P055 Increased Matrix stiffness Modulates MicroRNA expression and fibrogenesis in an in vitro model of intestinal fibrosis
L.A. Johnson1, E. Rodansky1, 2, P.D. Higgins*1
1University of Michigan, Internal Medicine - Gastroenterology, Ann Arbor, MI, United States, 2University of Michigan, Internal Medicine - Gastroenterology, Ann Arbor, United States
Fibrosis is the common endpoint of organ failure in many organ systems and disease states, including the intestine and Crohn's disease (CD). In colonic myofibroblasts, extracellular matrix stiffness characteristic of CD can activate fibrogenesis. microRNAs, small non-coding RNAs (miRNAs), have been shown to regulate fibrosis by targeting and fine-tuning gene expression. We postulated that pathological matrix stiffness may regulate fibrogenesis in vitro by modulation of miRNAs.
Normal human colonic myofibroblasts (Ccd-18co cells) were cultured on either physiologically soft or pathologically stiff matrices for 48 hours. Candidate stiffness responsive miRNAs were identified by screening a fibrosis-specific miRNA array. Stiffness responsiveness was confirmed by QPCR using individual miRNAs. miRNAs mimics were used to determine whether miRNAs alone induce fibrogenic gene expression.
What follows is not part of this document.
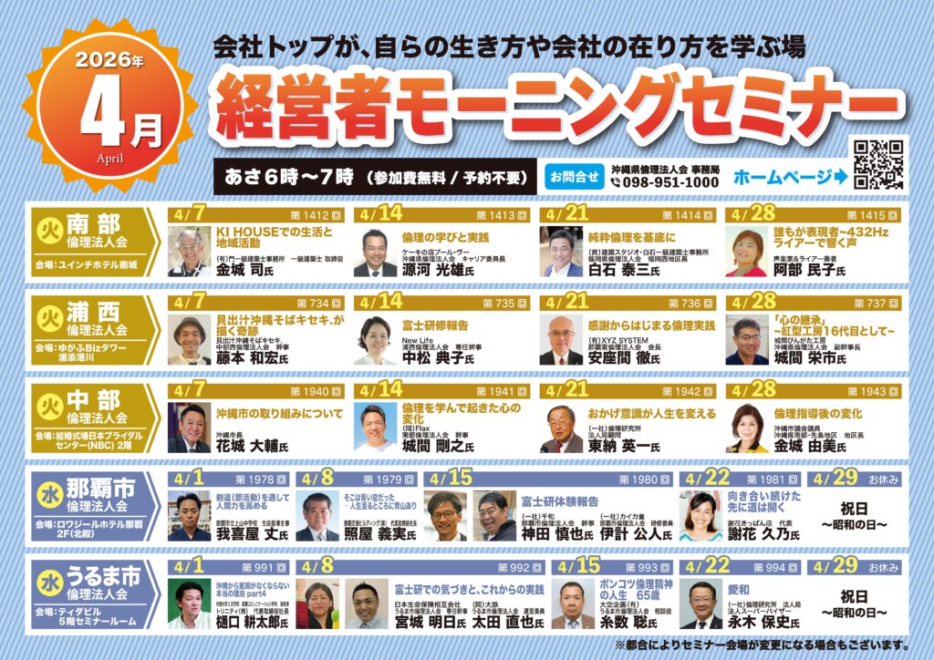 多くの成功者は朝の時間を有効に活用しています。朝型の生活習慣を体得するとともに各界で活躍している方々の講話を通し、倫理経営の心構えと秘訣を学ぶことができます。また、経営者同士の交流・情報交換の場にもなっています。朝のモーニングセミナー以外にも多くのイベントを開催しておりますので、自己啓発に人脈作りに、是非ご参加ください!

Eight stiffness-responsive miRNAs were identified and subsequently validated by QPCR. Of interest, two bicistronic miRNAs, miR-143 and miR-145, which are two key regulators of intestinal smooth muscle were strongly induced (9.5 and 7-fold respectively) by high matrix stiffness. Transfection of Ccd-18co cells grown on low stiffness (4.3 kPa) with miR-143 and miR-145 mimics recapitulated the fibrogenic effects of high matrix stiffness. Stiffness-responsive fibrogenic genes fibronectin (FN1), myosin light chain kinase (MYLK) and smooth muscle actin (ACTA2) were induced while the pro-inflammatory gene COX-2 (PTGS2) was repressed.
Pathological matrix stiffness induces pro-fibrogenic miRNAs in normal human myofibroblasts. Addition of miRNAs mimics to cells in a normal physiologically soft (compliant) environment, recapitulates the effects of increased matrix stiffness on fibrogenic gene expression. miRNAs may be a novel mechanism for regulation/auto-propagation of matrix stiffness-mediated intestinal fibrosis in Crohn's disease.